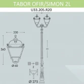 Парковый фонарь FUMAGALLI большого размера серии SIMON, модель TABOR OFIR/SIMON 2L. Парковый фонарь с 2 светильниками большого размера, на консолях OFIR среднего размера, установленных на классическом столбе TABOR высотой 3,0 м (+высота фонарей на кронштейнах). Изготовлены в Италии, по уникальным технологиям "FUMATECH" из современного композитного полимера RESIN. Этот материал в 5 раз прочнее металла, не ржавеет, не окисляется, не выгорает на солнце, его не нужно красить. Все светильники пыле-влаго защищены по стандарту IP55 (Пылезащищенные, защита от водяных струй с любого направления). Рассеиватель выполнен из антивандального, не мутнеющего и не горючего PMMA (ПолиМетилМетаАкрилат). Срок службы светильника - не менее 20 лет. Температура использования от -60 до +90. В серии SIMON есть садовые фонари в настенном (OFIR/SIMON, MIRRA/SIMON) подвесном (SICHEM/SIMON) и наземном исполнении (IAFAET.R/SIMON, ALOE.R/SIMON, ARTU/SIMON, GIGI/SIMON, RICU/SIMON, NEBO/OFIR/SIMON 1L, NEBO/OFIR/ANNA 2L, TABOR/ADAM/SIMON 3L) со столбами разной высоты, с разным количеством и конфигурацией голов. Консоли настенных фонарей и кронштейны светильников на столбах освещения могут устанавливаться в положение вверх и вниз. Столбы выше 150 см имеют в основе мощную стальную трубу с двойной оцинковкой. При заказе требуется выбрать цвет корпуса, цвет плафона и тип патрона (Е-27 или LED GX-53). Возможен светодиодный вариант. По стилю и дизайну серия уличных светильников SIMON похожа на светильники среднего размера серии CEFA. По размеру относится к большим парковым светильникам как серия NOEMI и GLOBE 400.
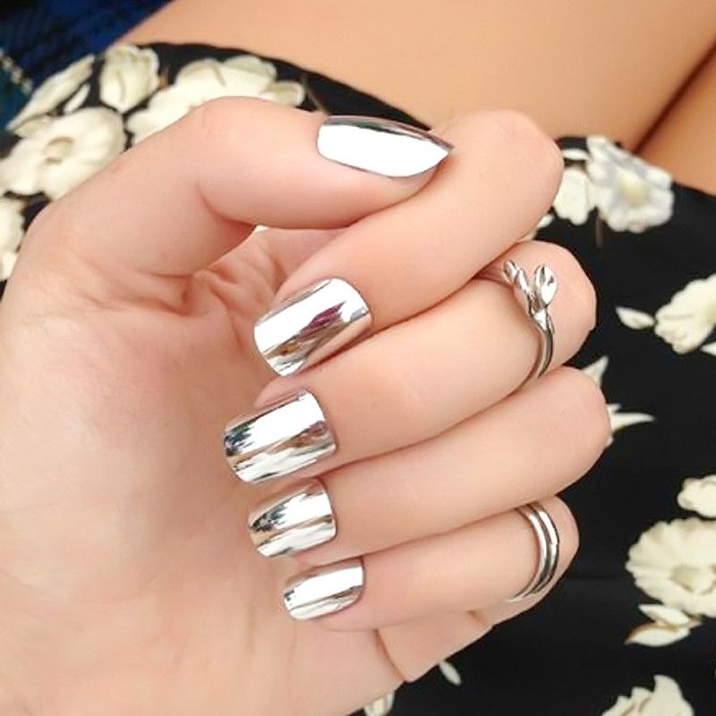 Compre Nuevas Unas Falsas Metal Silver Nail Art Nail Art Shiny Nail
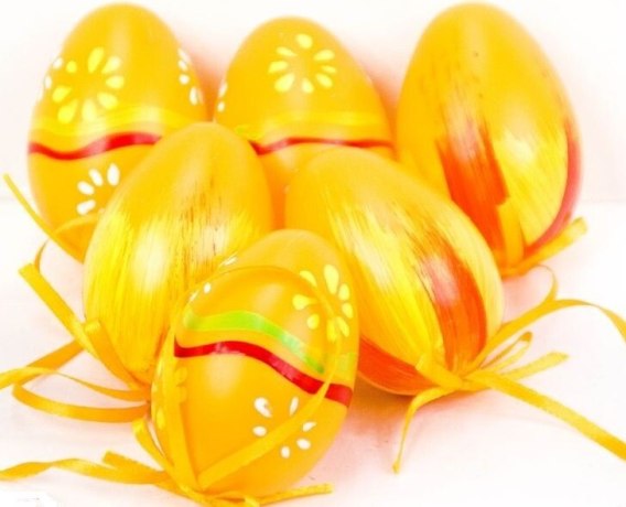 Zawieszane na sznureczku żółte pisanki (6 cm) z wstążką. Świetnie nadają się do dekoracji domu na Wielkanoc. Piękne, wiosenne kolory ożywią każde wnętrze nadając mu świątecznego klimatu.
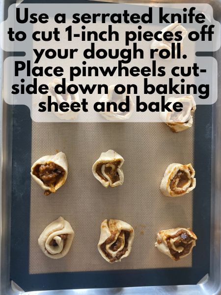 7. Bake: Place the pinwheels cut side down on the prepared baking sheet. Bake for 12–15 minutes, or until golden brown and puffed.
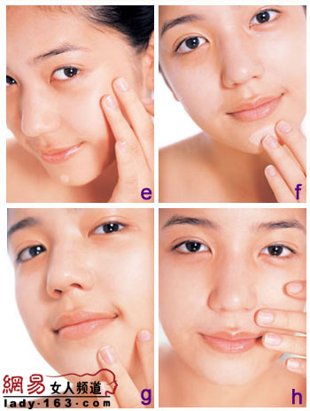 [Step 2] 浅色粉底液在脸上推开(下) e.推匀眼下多余粉底 成放射状推匀多余粉底,消除周围界限 f.推开下巴粉底 从嘴角往下巴处将粉底液按压推开,让嘴唇更翘 g.推匀下巴多余粉底 跟之前的部位一样,用指腹推匀周围多余粉底液,消除界限 h.上唇肉也要打亮 打亮上唇肉,也能让唇部立体,但量不要多,用指腹上的余粉就够了
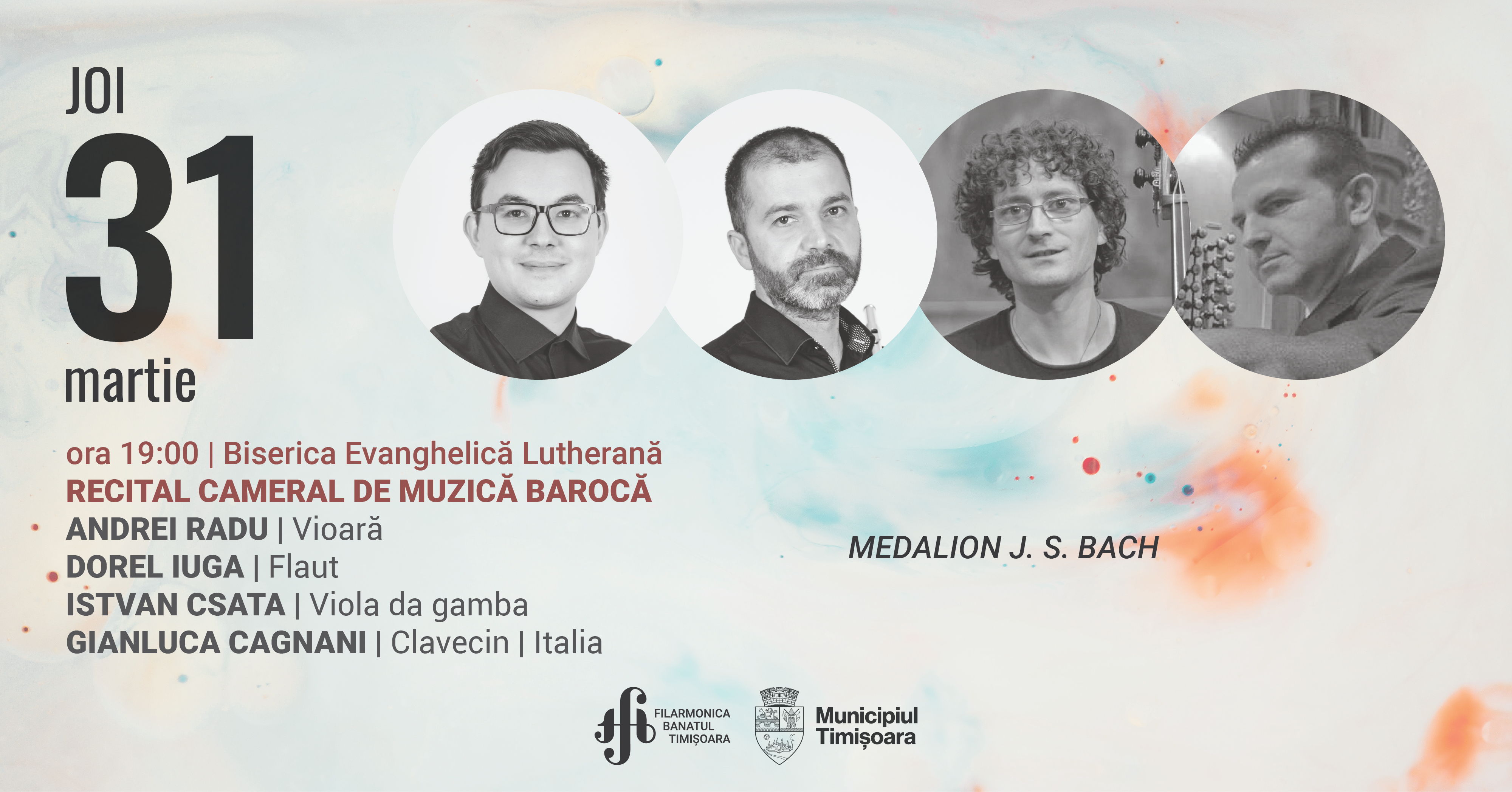 Întâlnirile muzicale din luna martie se încheie joi, 31 martie, ora 19, la Biserica Evanghelica Lutherană cu un recital cameral de muzică barocă susținut de Andrei Radu (vioară), Dorel Iuga (flaut), Istvan Csata (viola da gamba) și de Gianluca Cagnani (clavecin și conducerea muzicală).
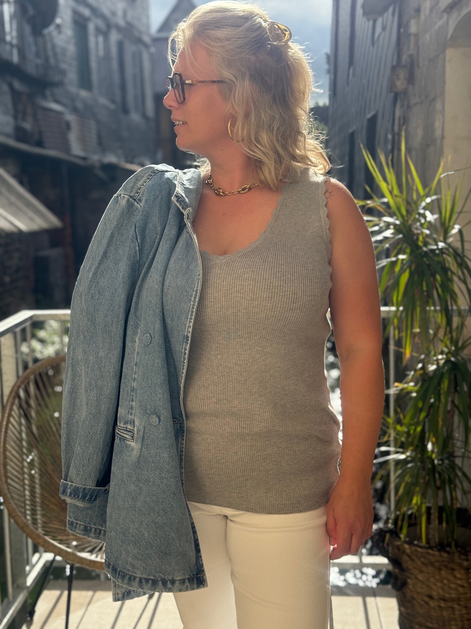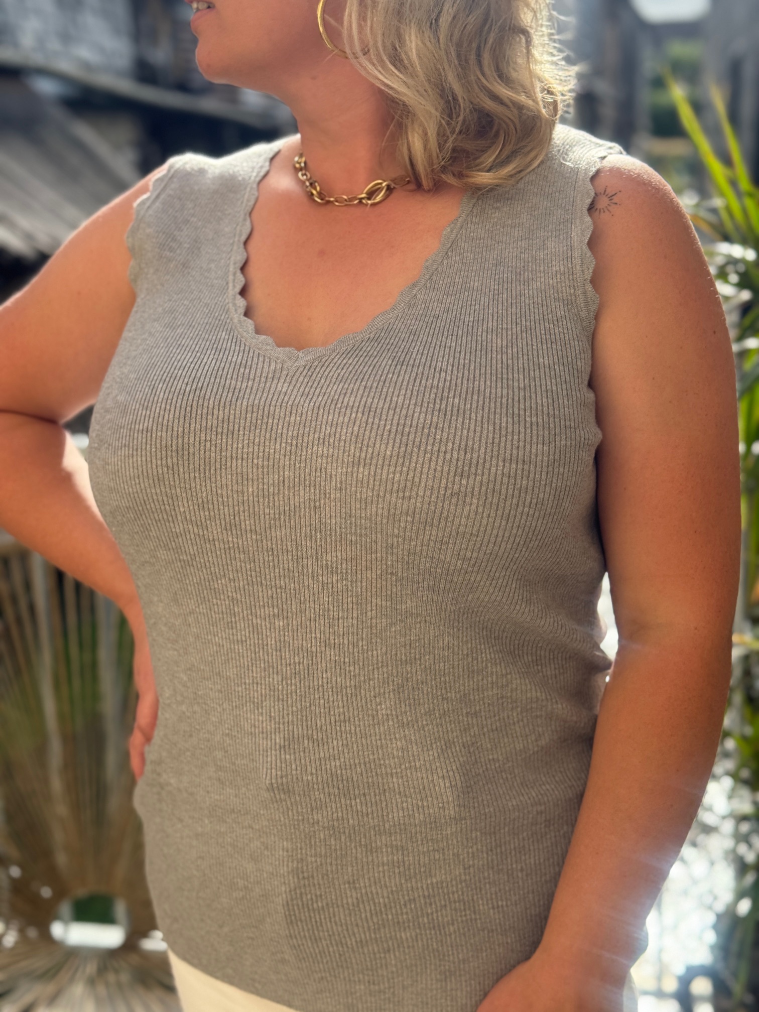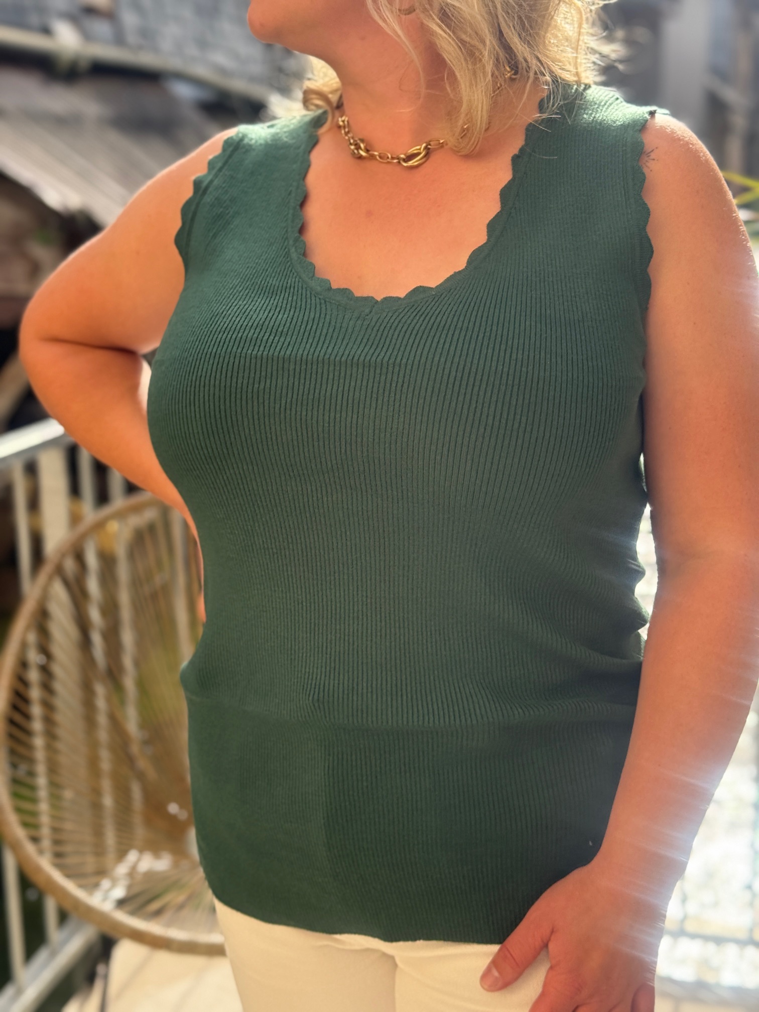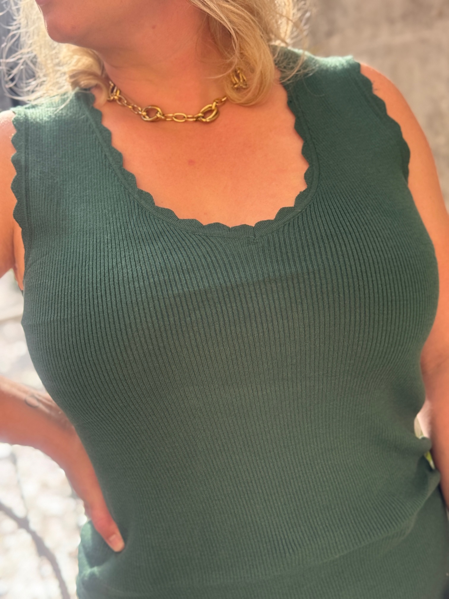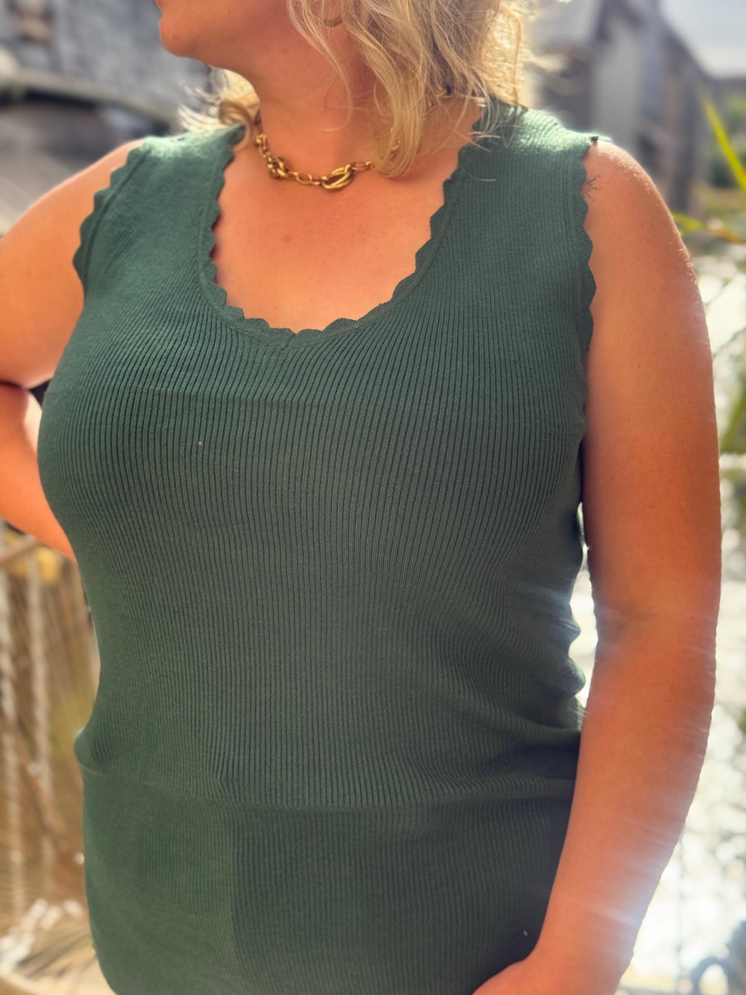 Ce débardeur se distingue par son col en V délicatement ondulé et sa maille côtelée qui épouse harmonieusement la silhouette sans comprimer. Disponible en plusieurs coloris (noir, gris clair, vert foncé), il s’adapte à tous les styles et toutes les envies.

+ + + + + + +

Could you retype exactly, and only, the lines running from the one with "7. Bake: Place" to the last line of the listing, while leaving any pictures out?

* **Finished exercise**:
 7. Bake: Place the pinwheels cut side down on the prepared baking sheet. Bake for 12–15 minutes, or until golden brown and puffed.
 [Step 2] 浅色粉底液在脸上推开(下) e.推匀眼下多余粉底 成放射状推匀多余粉底,消除周围界限 f.推开下巴粉底 从嘴角往下巴处将粉底液按压推开,让嘴唇更翘 g.推匀下巴多余粉底 跟之前的部位一样,用指腹推匀周围多余粉底液,消除界限 h.上唇肉也要打亮 打亮上唇肉,也能让唇部立体,但量不要多,用指腹上的余粉就够了
 Întâlnirile muzicale din luna martie se încheie joi, 31 martie, ora 19, la Biserica Evanghelica Lutherană cu un recital cameral de muzică barocă susținut de Andrei Radu (vioară), Dorel Iuga (flaut), Istvan Csata (viola da gamba) și de Gianluca Cagnani (clavecin și conducerea muzicală).
 Ce débardeur se distingue par son col en V délicatement ondulé et sa maille côtelée qui épouse harmonieusement la silhouette sans comprimer. Disponible en plusieurs coloris (noir, gris clair, vert foncé), il s’adapte à tous les styles et toutes les envies.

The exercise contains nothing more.